母が亡くなり、寂しさも悲しさもお腹いっぱいだったけど、この町とこの部屋を離れる寂しさは別腹だった。
部屋も大好きだった。
隅田川の花火、目の前にあがる年イチのスペシャルデイあるし。
天井高2900で開放感があって。
玄関側だけどスカイツリーも見える。
お風呂とお手洗い別、脱衣室も洗面台もあって。
コンロはガス。
宅配ボックスもオートロック&何かあれば警備会社さん来てくれる。
1Fは便利なセブンイレブン。
キレイ好きでマメな管理人さん。
地下のゴミ置き場、いつも清潔だった。
廊下に蛾とかカナブンとかいると、とってくれた。
駐輪場にチャリを置いたまま引っ越しちゃう人がたくさんいて。「捨てられないし売るわけにいかないから、友達で欲しい人がいたら持っていっていいよ」って整備してくれたり。
野菜の交換コしたり。
新しいもの好きなオーナーさんのおかげでハイテクなカードキー導入されたり、エアコンも省電力のに取り替えてくれたり。
管理会社さんもフットワーク軽く、担当の方が器用で。
こまめに足運んでくれて、業者さんを呼ばずに手直しで対応してくれたこともいくつもある。
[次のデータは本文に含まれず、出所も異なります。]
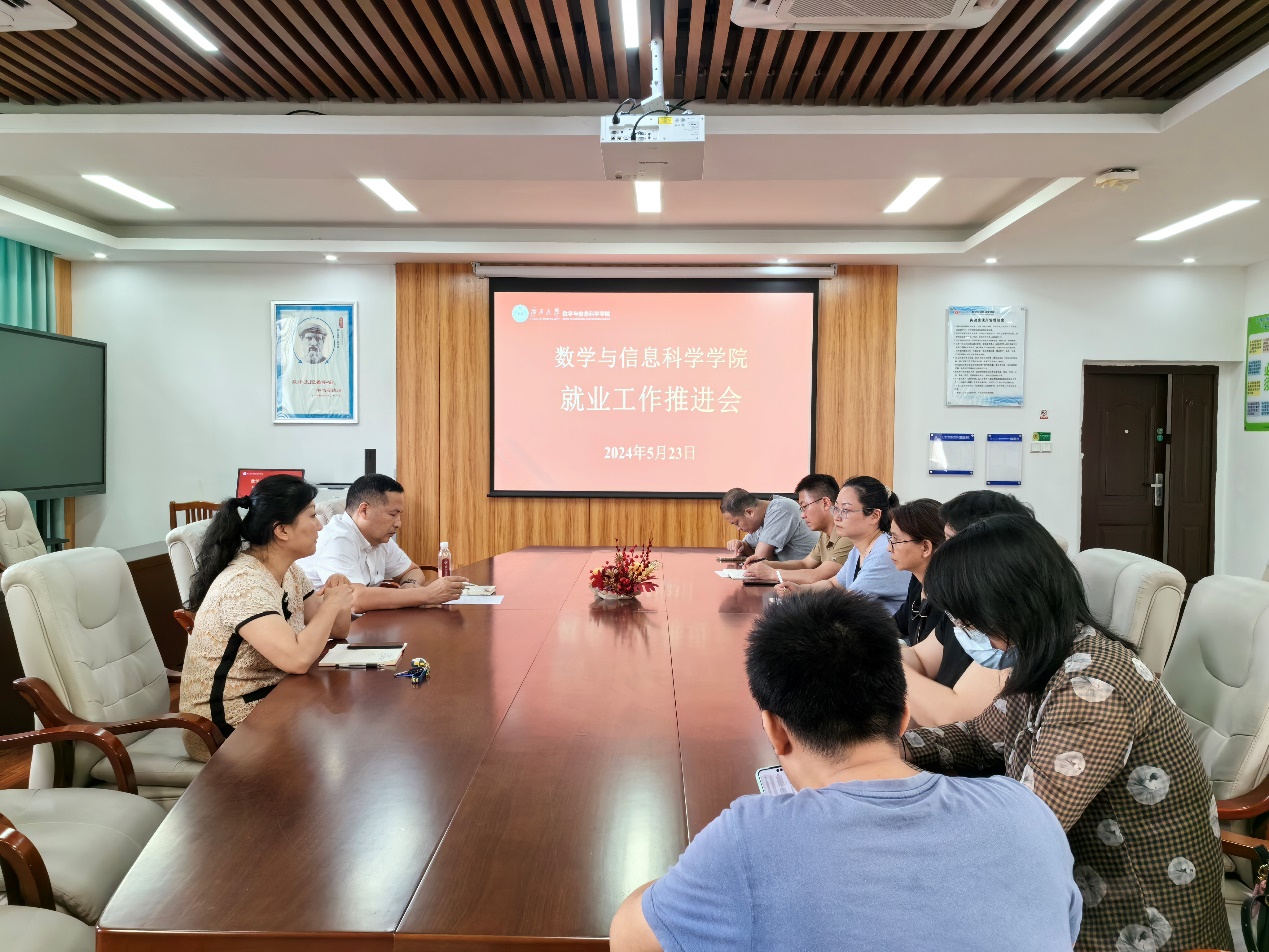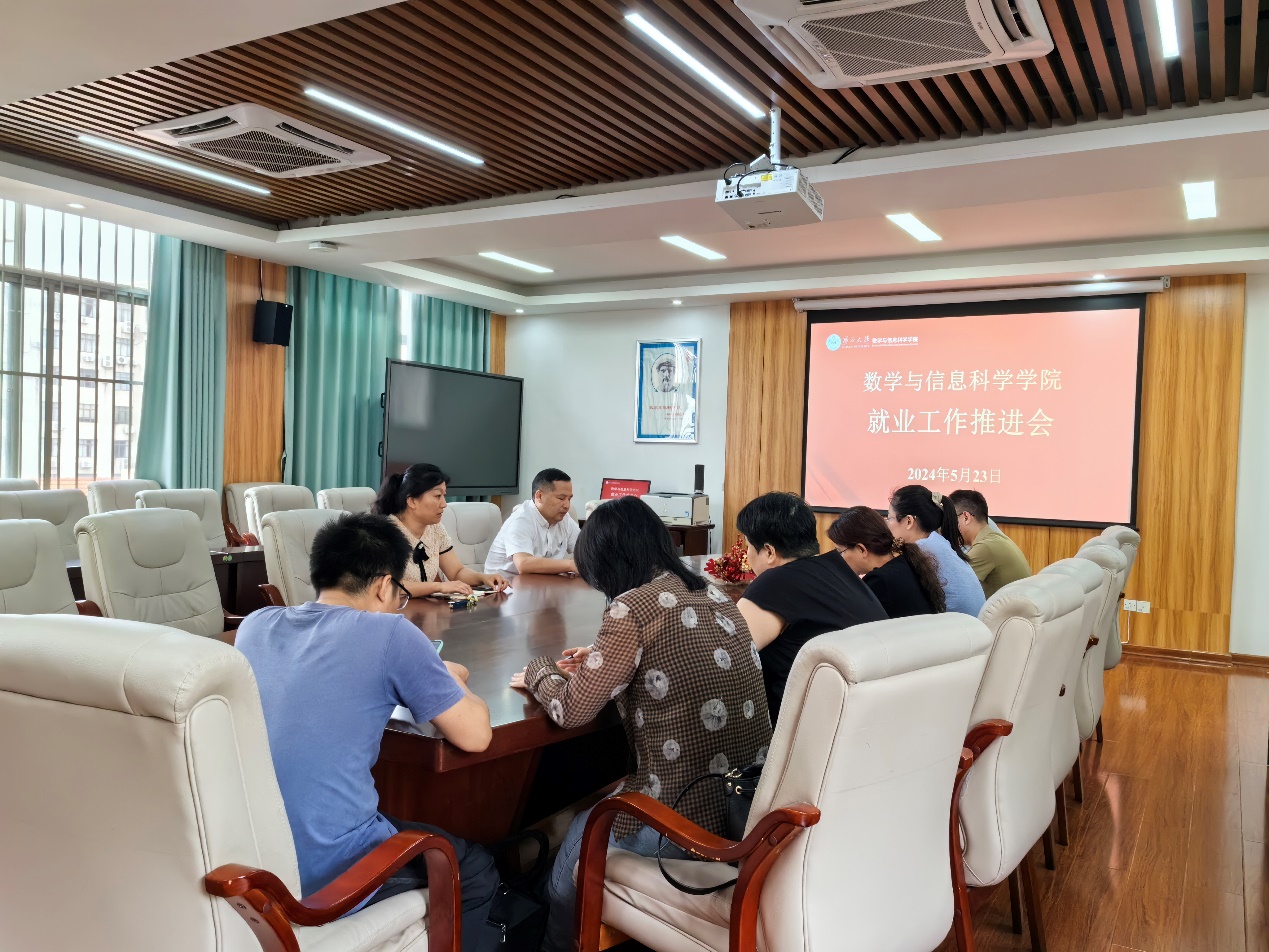 为全面贯彻落实自治区党委、政府以及学校关于做好高校毕业生就业工作的决策部署,全力以赴促进学院2024届毕业生高质量充分就业,5月23日数信学院在506会议室召开2024届毕业生就业工作推进会。院长郭真华、学院领导班子成员、毕业班班主任以及全体辅导员参加会议。会议由学院党委副书记唐旭彬主持。

管理人さんや管理会社さんって、部屋を決める時の材料の中で意識は薄めだし、実際に暮らしてみないとわからないことも多い。
どちらも良い方に恵まれたのはラッキーだった。
ちなみに、私のプレゼンで「住みたい!」ってなった友人がいたので管理会社さんの電話番号を伝えたら、「今は97000円」って言われたらしいです。それでも、その価値がある部屋・建物・立地・町だと思う。
今はどんな人が暮らしているんだろう。